The biggest distinguishing feature is timing. A rotator cuff injury or muscle strain hurts consistently, gets worse with specific movements, and improves with rest, ice, or physical therapy. Endometriosis shoulder pain comes and goes with your menstrual cycle. If you track your pain alongside your period for two or three months and notice a clear pattern, that’s significant information to bring to a doctor.

Another difference: orthopedic shoulder pain usually responds to anti-inflammatory medications and changes over time as the injury heals or worsens with use. Endometriosis shoulder pain doesn’t improve with rest or physical therapy, and it returns with each cycle regardless of what you do with your arm. If you’ve been treated for a shoulder problem that never quite resolves, and you notice the pain syncs with your period, endometriosis is worth considering.

Misdiagnosis is common. Because the symptoms are nonspecific and the temporal link to menstruation isn’t always recognized, many people see orthopedic specialists or get imaging of the shoulder joint before anyone suspects the diaphragm. European clinical guidelines specifically note that clinicians should think of extrapelvic endometriosis when a patient of reproductive age presents with cyclical shoulder pain.

When Shoulder Pain Signals Something More Urgent

In some cases, endometrial tissue on or near the lung lining can cause a catamenial pneumothorax, a small lung collapse that recurs with your period. This is rare but serious. The warning signs include sudden, sharp chest pain (often on the right side) that gets worse when you breathe in, along with increasing shortness of breath. One documented case involved a 21-year-old with no prior medical history who developed severe right-sided chest pain rated 6 out of 10, sharp and sudden, with worsening shortness of breath. Imaging revealed a significant lung collapse with the structures in her chest shifting to the opposite side.

If you experience sudden chest pain with difficulty breathing around your period, especially if it has happened before, this needs urgent medical evaluation. A chest X-ray can quickly confirm or rule out a pneumothorax.

How Diaphragmatic Endometriosis Is Diagnosed

Specialized MRI can detect diaphragmatic implants with about 83% sensitivity. The lesions typically appear as small nodules on the right side of the diaphragm, behind the liver. However, some lesions on the back of the diaphragm can be difficult to see even during laparoscopic surgery because the liver blocks the view.

Diagnosis often requires a combination of imaging, symptom history (particularly the cyclical pattern), and sometimes surgical exploration. Because it involves both gynecological and thoracic expertise, guidelines recommend that diagnosis and treatment happen at a center with experience in extrapelvic endometriosis, with input from multiple specialists.

Treatment and What to Expect

Treatment generally falls into two categories: hormonal therapy and surgery. Hormonal treatments aim to suppress your menstrual cycle, which reduces the cyclical inflammation driving the pain. These can be effective and are often tried first, especially when surgery isn’t an option or when symptoms are manageable.

Surgical removal of the diaphragmatic implants is the other option. In a single-center study following patients long-term, about 79% reported major improvement in their symptoms after surgery.
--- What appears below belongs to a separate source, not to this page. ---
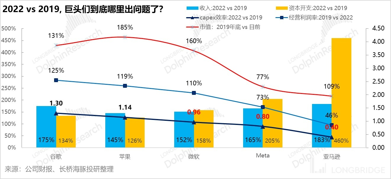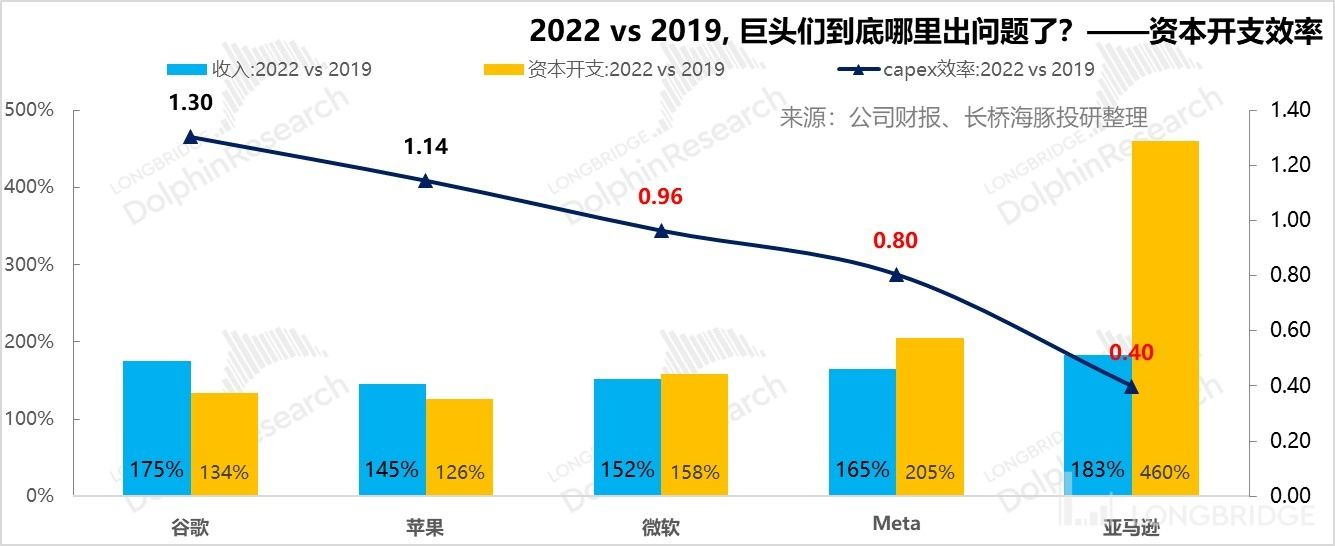 经过一轮猛投之后,到 2022 年底真正资本开支效率(资本开支的创收能力)有提高的,只有谷歌和苹果。

However, complete, lasting resolution of shoulder pain specifically was harder to achieve. Only 25% of patients who had shoulder pain before surgery experienced permanent relief. Shoulder pain recurred within a year in 75% of cases. Chest pain had better outcomes, with 50% of patients seeing full resolution, while upper abdominal pain resolved completely in about 36%.

The reoperation rate was low at around 4%, and outcomes were similar whether the surgeon cut out the tissue or burned it away. Despite the recurrence numbers, the high rate of overall symptom improvement suggests that many patients experience significantly less pain even if it doesn’t disappear entirely. Hormonal therapy after surgery may help maintain results.